Alarming new figures on levels of personal debt have shown that the government still has much work to do to tackle the unique problems faced by seaside resorts.
New figures from the Insolvency Agency have revealed that young residents in seaside towns in England and Wales are suffering the worst levels of debt in the country.
According to the government agency, The Isle of Wight has the highest level of insolvencies amongst young adults, followed by Torbay, Scarborough.
The figures show that while the government’s Coastal Communities Fund has been successful in attracting investment to seaside regions, it still has a long way to go to tackle the underlying problems that affect many resorts.

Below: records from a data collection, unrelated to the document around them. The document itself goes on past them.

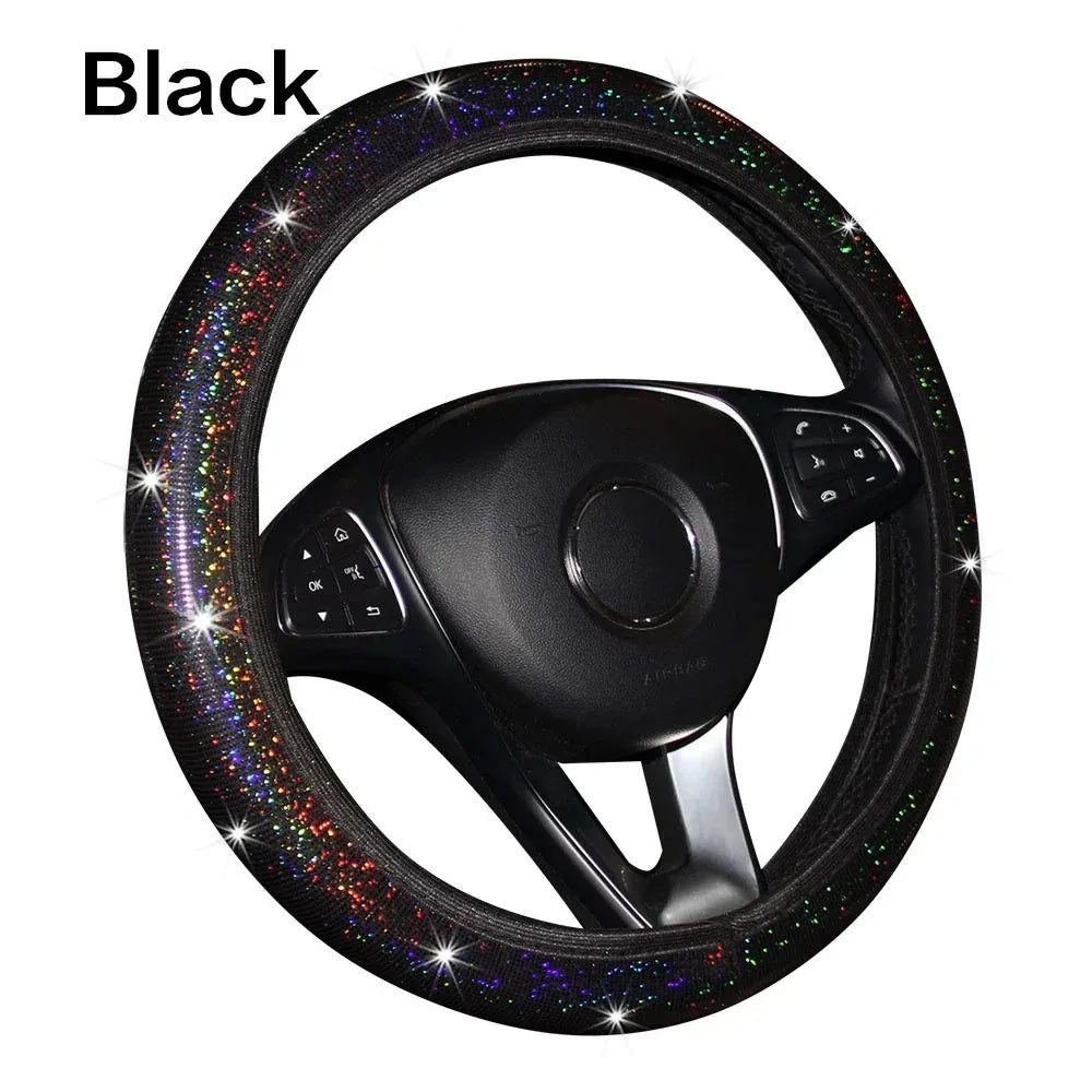 Rhinestone Crystal Car Steering Wheel Cover, PU Leather, Fits Car Accessories and Car Styling, Enhances Luxury and Comfort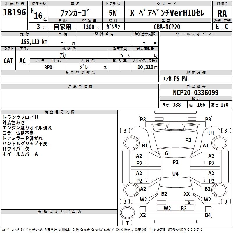 TOYOTA FUN CARGO X PAIRBENCH VERHID SELECTION - лот 18196
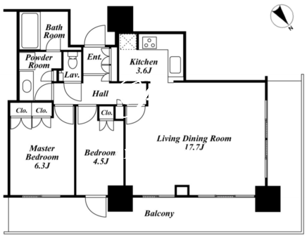 所在階/向き | 17階/北 | 間取り | 2LDK |

The revelation comes as the Bank of England is tipped to make a possible rise in interest rates for the first time in a decade as soon as November.
Such a move would make borrowing more expensive, with seaside towns likely to be the worst affected because a greater percentage of employment in these areas is low-paid and seasonal.
Matthew Cheetham, CEO of debt solution provider Harrington Brooks, said the trend among people from seaside towns coming to it for help with their debts had grown over the last 18 months.
He commented: “This is likely to be because customers from seaside communities might find it difficult to afford credit repayments if their work is seasonal.
“If they haven’t included credit repayments in their budget for the months where they’re not earning at the same level, they might not be able to keep up with these.
“With an increase to the Bank of England’s base rate looking more likely in the next few months, it seems likely that those from seaside towns will find the lean winter months even harder to deal with.
“If they’re relying on credit to cover their household bills, a rise in interest rates could make these repayments unaffordable. And this could lead to an even greater number of people in seaside communities turning to insolvency or debt management.”
The Insolvency Agency found that Torbay in Devon had the highest overall rate of insolvencies in England and Wales, with 43 per 10,000 residents in 2016.
Although Stoke on Trent had the second highest rate, the Isle of Wight and Scarborough came in joint third.
Other traditional seaside resorts with significantly high insolvency rates include Great Yarmouth (38.1 per 10,000), Blackpool (34.6 per 10,000), Hastings (30.5 per 10,000) and Margate (30.1 per 10,000).
Sandra Snell, who works as a debt counsellor for Christians Against Poverty on the Isle of Wight, said there are particular pressures on sea- side communities.
She told the BBC: “People are expected to live on nothing. In the season there will be more work because of the tourist trade.
“Some people will slot into jobs, whether it’s cleaning the chalets or waiting on tables; then when the season comes to an end, they are back to square one, and they’ve got no work.”
Snell said that when people transfer onto benefits in the winter months, there can be delays before their money comes through.
“People are waiting at least 12 weeks. There’s no money coming in and they are expected to live on nothing,” she added.